A primary challenge of Flathead Catfish Pylodictis olivaris management is uncertainty associated with sampling strategies and resulting ambiguity in population-level information. Assessment of impoundment and environmental conditions that affect detection probability may aid in reducing sample variance and benefit inferences regarding changes to Flathead Catfish populations. We sampled eight small impoundments in Kansas (37–114 surface ha) using low-frequency electrofishing in summer, 2021. We revisited sites nine times over three months using an occupancy modeling framework to estimate the influence of impoundment and environmental conditions on detection probability of Flathead Catfish. We employed an information theoretic approach and ranked models built with impoundment as a random effect and three environmental variables predicted to influence detection of Flathead Catfish in small impoundments. Detection probability across all populations was 0.526 (SE = 0.020) and was influenced by water temperature, mean depth of the impoundment, and proportion of impoundment sampled. Generally, detection probability increased with all measured variables. The inclusion of detection probability in assessments of Flathead Catfish in small impoundments can inform interpretation of catch-related metrics. Further, variable detection suggests collection of multiple samples during a defined sampling period might be more suitable for characterizing populations than a single sample.

Flathead Catfish Pylodictis olivaris are native to the Mississippi, Mobile, and Rio Grande River drainages in the United States (Jackson 1999). The species is considered an apex predator because of attainment of large size (up to 55 kg) and piscivorous feeding strategy (Jackson 1999; Bonvechio et al. 2009; Flowers et al. 2011; Schmitt et al. 2019). These traits contribute to Flathead Catfish supporting popular recreational fisheries throughout their distribution (Arterburn et al. 2002; Montague and Shoup 2021). Widespread stockings of Flathead Catfish have occurred both inside and outside of their native range to increase angling opportunity and provide biological control of undesirable fish populations (Jackson 1999; Haas et al. 2001; Vrtiska et al. 2003; Kwak et al. 2006; Kaeser et al. 2011). In the Atlantic slope drainage, introductions of Flathead Catfish have resulted in established populations that have demonstrated dynamic dispersal behavior and deleterious effects to native fish assemblages (Thomas 1995; Bonvechio et al. 2011; Bonvechio et al. 2016; Hilling et al. 2019; Smith et al. 2021).

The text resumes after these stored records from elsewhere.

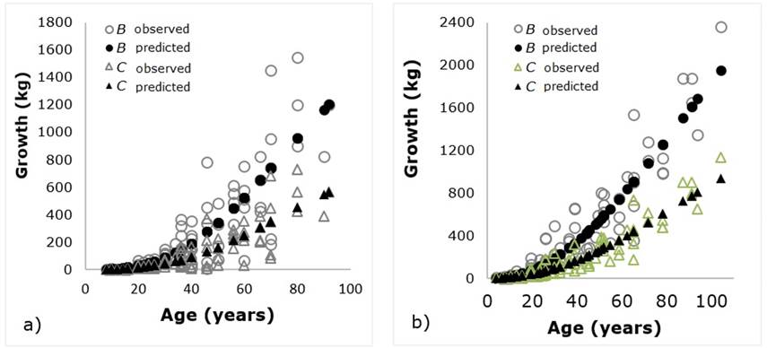 Figure 3 shows the projected growth curves in the B (kg) with the selected model, as well as their equivalence in C. The accumulation of biomass and carbon over time was higher in Pinus oocarpa.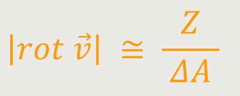 Hier hat man jetzt eine Dimension weniger. Man betrachtet eine Fläche mit ihrem Rand. Und wenn nun längs dieses Randes in dieser Flüssigkeit eine gewisse Zirkulation vorhanden ist, dann muss man diese Zirkulation pro Flächeneinheit bestimmen, also durch die Fläche dividieren, um den Betrag des Rotationsvektors zu erhalten. Die Rotation ist daher in entsprechender Weise eine Wirbeldichte.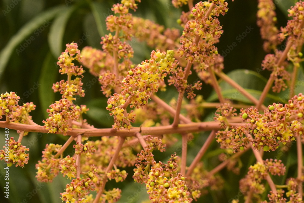 Galho de mangueira florido, florescimento da árvore de mangueira, flores da manga vista de perto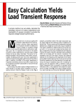 Easy Calculation Yields Load Transient Response By John Betten, Application Engineer and Member of Group Technical Staff, and Robert Kollman, Distinguished Member of Technical Staff, Texas Instruments, Dallas A simple method can accurately calculate the necessary amount of output capacitance and bandwidth of a power converter to provide the required voltage transient performance. presents a simplified model of the open-loop power supply power stage and the resulting output impedance of a typical filter. The buck power switching elements have been replaced by a voltage source with zero output impedance. The output impedance is determined by driving the output with a 1-A ac source and measuring the output voltage. Consequently, the output impedance at low frequency is set by the output inductor’s equivalent series resistance (ESR) and increases with the inductor impedance. The impedance rises until the output inductor and capacitor resonate. At this frequency, the magnitude of the impedance is determined by the Q of the circuit and can be many times the impedance of the filter elements. Once past resonance, the output impedance drops with increasing frequency until the capacitor’s ESR is reached. Finally, at higher frequencies, there is a parasitic or equivalent series inductance (ESL) in the capacitor that causes the impedance to increase. From Fig. 1, the output-voltage variation to a rapid load step can be quickly estimated, neglecting any electronic circuits can rapidly shift between a sleep state and full load operation, placing a heavy requirement on the power converter to stabilize its output voltage. An excessive voltage variation could cause the electronics to malfunction, reset, latch up or fail. It is typically the function of the power converter’s output capacitance to provide output voltage holdup during any heavy load steps. The amount of capacitance placed on the converter’s output often is miscalculated, increasing overall cost if too much capacitance is used and compromising system performance if too little is used. In addition, the effect of the output capacitance is frequently overlooked, and too much effort is spent trying to increase the converter’s bandwidth to improve the load transient response. Quite simply, the power supply’s voltage variation to a load transient is its peak output impedance (in the frequency domain) times the change in load current. Fig. 1 M E1 ++ - - LOUT ResrL 4.7 uH 0.015 0 10 COUT 0 100 uF -10 0.005 1 Aac + 0 Adc - I1 dB Ohms ResrC Lesl -20 LOUT -30 COUT 2 nH -40 0 0 Lesl ResrL -50 100 Hz VDB (R8:2) 1.0 KHz 10 KHz Frequency 100 KHz ResrC 1.0 MHz Fig. 1. Simplified voltage-mode buck power stage model and output impedance. Power Electronics Technology February 2005 40 www.powerelectronics.com G1 10 COUT 100 uF ResrC 0.005 1 Aac 0 Adc + - 0 I1 -10 dB Ohms 0 ++ - - TRANSIENT PERFORMANCE 0 -20 Cout -30 Lesl Lesl -40 2 nH ResrC -50 100 Hz 1.0 KHz 0 10 KHz 100 KHz Frequency 1.0 MHz Fig. 2. Simplified current-mode buck power stage model and output impedance. the effect of any feedback network. If the load step has a rate of rise much greater than one divided by the filter resonant frequency, the filter characteristic impedance sets the maximum impedance and the voltage variation in the open circuit case is just Zout × Istep, where: The step-load repetition rate may play an important role and needs to be identified. If the pulse-load repetition rate is equal to the resonance frequency of the output filter, then the Q of the filter will make the output impedance much greater than Zout defined in Equation 1 and a rather large voltage variation can result. If the repetition rate is at a rapid rate and is above the bandwidth of the power supply, the ESL sets the maximum output impedance. However in Zout = Lout/C out (1) Need More Power From Your Solid State Relay? Introducing Clare’s New Power Family This unique family of 1-Form-A high power Solid State Relays (SSRs) combines Clare’s proven optical isolation with IXYS advanced power MOSFET devices to deliver the industry’s highest power MOSFET based SSRs. The combination of low on resistance and high load current handling capabilities makes these relays suitable for a variety of high performance switching applications. As with all Clare SSRs, they are ideal EMR replacements and offer higher reliability, lower drive current, no contact bounce and peak performance in the harshest shock, vibration and magnetic environments. Features: Applications: • Solid State Reliability • Handle loads up to 15Arms • Voltage ratings from 60V - 1000V • Low On Resistance • Compact i4-PAC™ Package • Industry Standard 4-Pin SIP Package • Low input control current ( 10mA) • UL 508 Approval Pending • Motor controls • Power Supplies • Robotics • Medical equipment • Consumer appliances • Industrial control • Aerospace/Defense Specifications for i4-PAC™, ISOPLUS264, and Power SIP relays Part Number Output Blocking Load On Type Voltage Current Resistance (VP) (Arms) (Ohms) TON/TOFF (ms) CPC1908J AC/DC 60 8 0.3 20/5 CPC1786J DC 1000 1.5 1.5 20/5 i4-PAC™ CPC1709J DC 60 15 15 0.05 25/10 ISOPLUS264 CPC1988J AC/DC 1000 1000 1.5 2.5 25/10 ISOPLUS264 0.18 18 10/5 Power SIP CPC1981Y AC/DC Switching Speeds Package i4-PAC™ Listed above are 5 of the 29 different Power Relay Products. Visit Clare’s complete product listing below. 78 Cherry Hill Drive, Beverly, MA 978-524-6768 www.clare.com CIRCLE 232 on Reader Service Card or freeproductinfo.net/pet Power Electronics Technology February 2005 42 www.powerelectronics.com TRANSIENT PERFORMANCE 7 60 6 5 Peaking dB Ohms and dB gain 40 Loop gain 0 4 3 2 1 Z OUT open loop 0 -40 0 20 40 60 80 100 Phase Margin Z OUT closed loop Fig. 4. Good phase margin reduces peaking at crossover. -80 100 Hz 1.0 KHz 10 KHz Frequency 100 KHz have as a constant current source feeding the output filter capacitor, negating its effect in the ac model. At low freque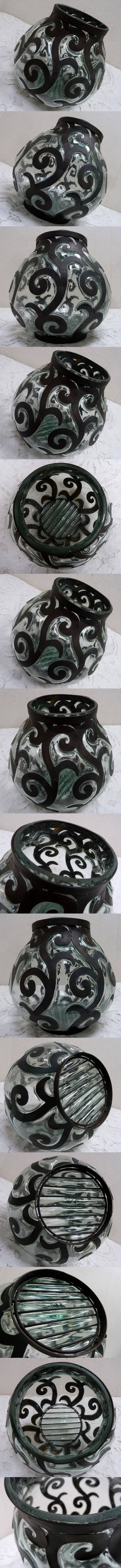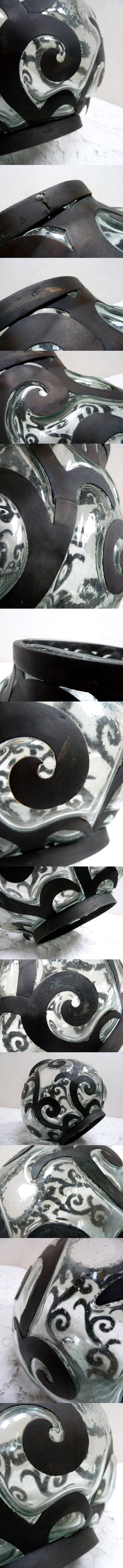 (☆BM)鉄製/アイアン アート ガラス オブジェ 高さ28㎝ 置物 フラワーベース 花器 花瓶 アンティーク調 レトロ 收藏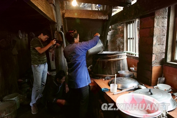 《养老中国》摄制组在榕江县宰荡侗寨拍摄侗家人烤酒。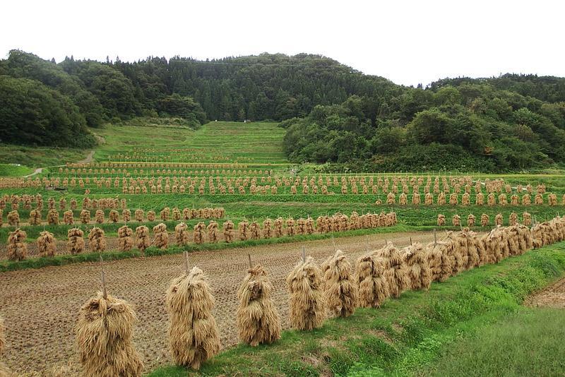 9月24日現在の大蕨の棚田は、稲刈りもほぼ終わりずらりと稲ぐいが立ち並んでいます。稲を天日干しする杭掛け作業は、手作業で行う大変さから今ではあまり見られない風景となりました。 黄金色の稲ぐいが規則正しく立ち並んでいる『大蕨の棚田』は、日本の原風景を感じさせてくれます。杭掛け風景は10月の第2週頃まで見ることができます。

Obtaining precise population-level data can benefit management plans whether directed at recreational angling or population suppression.

Sampling efficiency has historically limited data collection and subsequent analysis of Flathead Catfish populations (Jackson 1999; Bodine et al. 2013; Montague and Shoup 2021). As such, directed management of Flathead Catfish populations has been uncommon (Michaletz and Dillard 1999; Arterburn et al. 2002; Montague and Shoup 2021). However, recent studies have demonstrated that refined sampling approaches, including different gear combinations, can provide sufficient data for informing management plans for fisheries in rivers and large reservoirs (Ford et al. 2011; Montague and Shoup 2021). Various study designs and modeling approaches have also been used to characterize populations and estimate impacts from harvest regulations and other management strategies in rivers and large impoundments (Makinster and Paukert 2008; Bodine et al. 2016; Muhlbauer and Krogman 2021; Oliver et al. 2021; Montague and Shoup 2022). Nevertheless, there exists knowledge gaps related to environmental variables associated with detection probability and subsequent catch rates (Montague and Shoup 2021). Specifically, uncorrected sampling biases (e.g., detection probability) may misrepresent the sampled population and result in management actions that may be deleterious to populations or have limited effect.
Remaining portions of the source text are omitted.